Role of International Organisations in Checking Money Laundering
With the advent of globalisation and novel payment methods coupled with insufficient regulatory mechanisms, there has been an uptick in money laundering. Its detrimental effects have compelled the domestic governments to take measures towards curbing it as a matter of priority, which has further led to the establishment of various international organisations with the same objective. International organisations like the Financial Action Task Force (FATF), International Monetary Fund (IMF), the United Nations Office on Drugs and Crime (UNODC) and others have been at the forefront of the fight against money laundering. These organisations have played an instrumental role in helping countries strengthen their money laundering regulatory mechanisms, conducting capacity-building exercises, and acting as global watchdogs. This article first discusses the definition of money laundering and the need to curb it. It then goes on to discuss the key international organizations involved in combating money laundering, their efforts, and their impact in the fight against money laundering. Lastly, it discusses the challenges faced by such organisations and provides a future outlook on the role of such organisations.
Money Laundering and the Need to Curb it.

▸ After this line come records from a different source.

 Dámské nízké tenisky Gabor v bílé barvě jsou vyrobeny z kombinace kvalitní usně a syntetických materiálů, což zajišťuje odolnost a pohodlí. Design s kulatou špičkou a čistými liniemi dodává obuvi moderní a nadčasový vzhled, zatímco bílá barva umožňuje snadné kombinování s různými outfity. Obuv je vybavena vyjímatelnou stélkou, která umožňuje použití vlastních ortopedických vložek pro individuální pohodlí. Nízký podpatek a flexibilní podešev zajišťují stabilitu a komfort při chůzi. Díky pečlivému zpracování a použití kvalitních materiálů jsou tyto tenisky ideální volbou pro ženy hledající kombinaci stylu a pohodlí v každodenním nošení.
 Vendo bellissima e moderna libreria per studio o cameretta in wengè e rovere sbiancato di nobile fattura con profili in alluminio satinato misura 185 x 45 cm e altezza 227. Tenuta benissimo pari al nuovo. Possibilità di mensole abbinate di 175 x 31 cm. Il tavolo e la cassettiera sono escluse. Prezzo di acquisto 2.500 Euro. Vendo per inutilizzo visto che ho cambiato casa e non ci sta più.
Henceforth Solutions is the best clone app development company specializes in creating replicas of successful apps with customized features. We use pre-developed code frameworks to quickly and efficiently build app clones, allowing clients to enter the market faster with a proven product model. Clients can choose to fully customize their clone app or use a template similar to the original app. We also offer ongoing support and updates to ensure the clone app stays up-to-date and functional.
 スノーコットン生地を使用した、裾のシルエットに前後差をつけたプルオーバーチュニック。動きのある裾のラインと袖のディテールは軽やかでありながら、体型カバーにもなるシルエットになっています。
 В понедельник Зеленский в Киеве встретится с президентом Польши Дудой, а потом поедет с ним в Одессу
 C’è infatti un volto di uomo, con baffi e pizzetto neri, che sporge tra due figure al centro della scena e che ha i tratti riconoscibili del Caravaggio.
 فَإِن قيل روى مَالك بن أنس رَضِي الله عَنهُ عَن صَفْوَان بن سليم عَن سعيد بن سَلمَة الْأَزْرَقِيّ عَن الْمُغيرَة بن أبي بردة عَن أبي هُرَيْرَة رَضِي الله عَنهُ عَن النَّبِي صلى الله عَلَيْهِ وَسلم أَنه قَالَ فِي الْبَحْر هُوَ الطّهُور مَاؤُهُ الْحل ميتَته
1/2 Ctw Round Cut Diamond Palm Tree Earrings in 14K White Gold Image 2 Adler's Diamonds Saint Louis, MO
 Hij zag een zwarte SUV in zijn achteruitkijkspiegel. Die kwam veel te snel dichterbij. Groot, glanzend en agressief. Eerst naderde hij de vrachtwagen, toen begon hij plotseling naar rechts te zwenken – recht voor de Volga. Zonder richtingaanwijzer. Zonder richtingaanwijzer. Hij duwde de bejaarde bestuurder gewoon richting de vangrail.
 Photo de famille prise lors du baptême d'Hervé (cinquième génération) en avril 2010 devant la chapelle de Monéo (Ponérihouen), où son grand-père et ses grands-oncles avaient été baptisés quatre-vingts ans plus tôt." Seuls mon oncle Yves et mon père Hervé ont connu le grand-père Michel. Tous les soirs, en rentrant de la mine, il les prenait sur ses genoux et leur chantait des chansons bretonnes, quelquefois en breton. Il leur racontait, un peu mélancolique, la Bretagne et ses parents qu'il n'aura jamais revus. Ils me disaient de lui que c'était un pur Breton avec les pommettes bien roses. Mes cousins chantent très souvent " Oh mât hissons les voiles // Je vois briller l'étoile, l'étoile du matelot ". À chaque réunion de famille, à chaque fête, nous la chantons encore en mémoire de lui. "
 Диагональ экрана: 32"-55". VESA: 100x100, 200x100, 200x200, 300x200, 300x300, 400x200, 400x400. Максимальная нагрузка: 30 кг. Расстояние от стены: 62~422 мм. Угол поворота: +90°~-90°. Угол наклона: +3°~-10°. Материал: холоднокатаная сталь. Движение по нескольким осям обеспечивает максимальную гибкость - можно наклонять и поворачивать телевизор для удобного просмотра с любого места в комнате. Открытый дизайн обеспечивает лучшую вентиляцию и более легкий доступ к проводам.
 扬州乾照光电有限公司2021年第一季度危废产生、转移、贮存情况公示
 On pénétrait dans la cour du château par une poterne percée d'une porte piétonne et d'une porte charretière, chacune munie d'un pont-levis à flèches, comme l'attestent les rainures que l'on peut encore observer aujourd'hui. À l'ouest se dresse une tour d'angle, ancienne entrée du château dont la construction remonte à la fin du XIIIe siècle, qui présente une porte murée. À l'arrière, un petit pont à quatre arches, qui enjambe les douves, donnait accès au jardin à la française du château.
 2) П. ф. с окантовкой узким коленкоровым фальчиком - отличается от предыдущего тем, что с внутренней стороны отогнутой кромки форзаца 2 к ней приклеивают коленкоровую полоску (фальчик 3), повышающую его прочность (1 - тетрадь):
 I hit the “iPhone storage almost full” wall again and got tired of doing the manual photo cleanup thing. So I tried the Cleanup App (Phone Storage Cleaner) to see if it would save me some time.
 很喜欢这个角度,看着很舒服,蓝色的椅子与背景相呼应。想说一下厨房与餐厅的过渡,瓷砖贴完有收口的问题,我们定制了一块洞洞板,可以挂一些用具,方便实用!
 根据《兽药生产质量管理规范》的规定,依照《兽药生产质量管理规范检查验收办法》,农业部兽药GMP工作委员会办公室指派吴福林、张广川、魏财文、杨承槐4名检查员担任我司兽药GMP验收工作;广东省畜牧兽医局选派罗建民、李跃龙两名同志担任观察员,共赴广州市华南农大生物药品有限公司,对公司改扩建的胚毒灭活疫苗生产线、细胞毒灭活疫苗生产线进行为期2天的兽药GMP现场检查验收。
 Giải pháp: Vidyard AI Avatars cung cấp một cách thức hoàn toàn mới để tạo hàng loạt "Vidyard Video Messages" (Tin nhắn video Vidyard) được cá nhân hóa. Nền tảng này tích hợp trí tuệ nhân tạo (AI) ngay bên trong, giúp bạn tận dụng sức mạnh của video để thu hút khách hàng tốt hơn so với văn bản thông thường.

Money laundering is “the conversion or transfer of property, knowing that such property is derived from any offense(s), for the purpose of concealing or disguising the illicit origin of the property or of assisting any person who is involved in such offense(s) to evade the legal consequences of his actions”.[1] The traditional understanding of money laundering as an activity only related to organised crime has become redundant in the present times, and the domestic as well as the international regulators have now adopted an expansive definition of the term— one which is broad enough to include any crime related to an economic good, even those committed by an individual alone.[2]
The statistics show that there is an urgent need to tackle this issue. The amount of money laundered annually exceeds 4% of the global Gross Domestic Product and is only projected to increase.[3]
Some of the effects of money laundering which derive the majority of focus are those that have a direct link to safety and security, such as terrorism financing, weapon proliferation financing, and drug trafficking. These lead to a marked increase in crime rates and the money laundered acts as fuel to organised crime. Additionally, money laundering undermines regulatory and financial systems. The money, despite being in huge sums, evades tax leading to the broadening of income inequality. The public’s trust in financial institutions like banks, as well as in the stability of the economy is eroded whenever money laundering scams are unveiled.[4] Investors and businesses may also be wary and prefer countries with tougher regulatory mechanisms, affecting the FDI and capital flows of countries with weak Anti-Money laundering efforts (AML). If a country adopts a reputation as being lax on money laundering, it may also find it hard to make strategic partnerships till it ensures strict compliance with international standards like those imposed by the FATF.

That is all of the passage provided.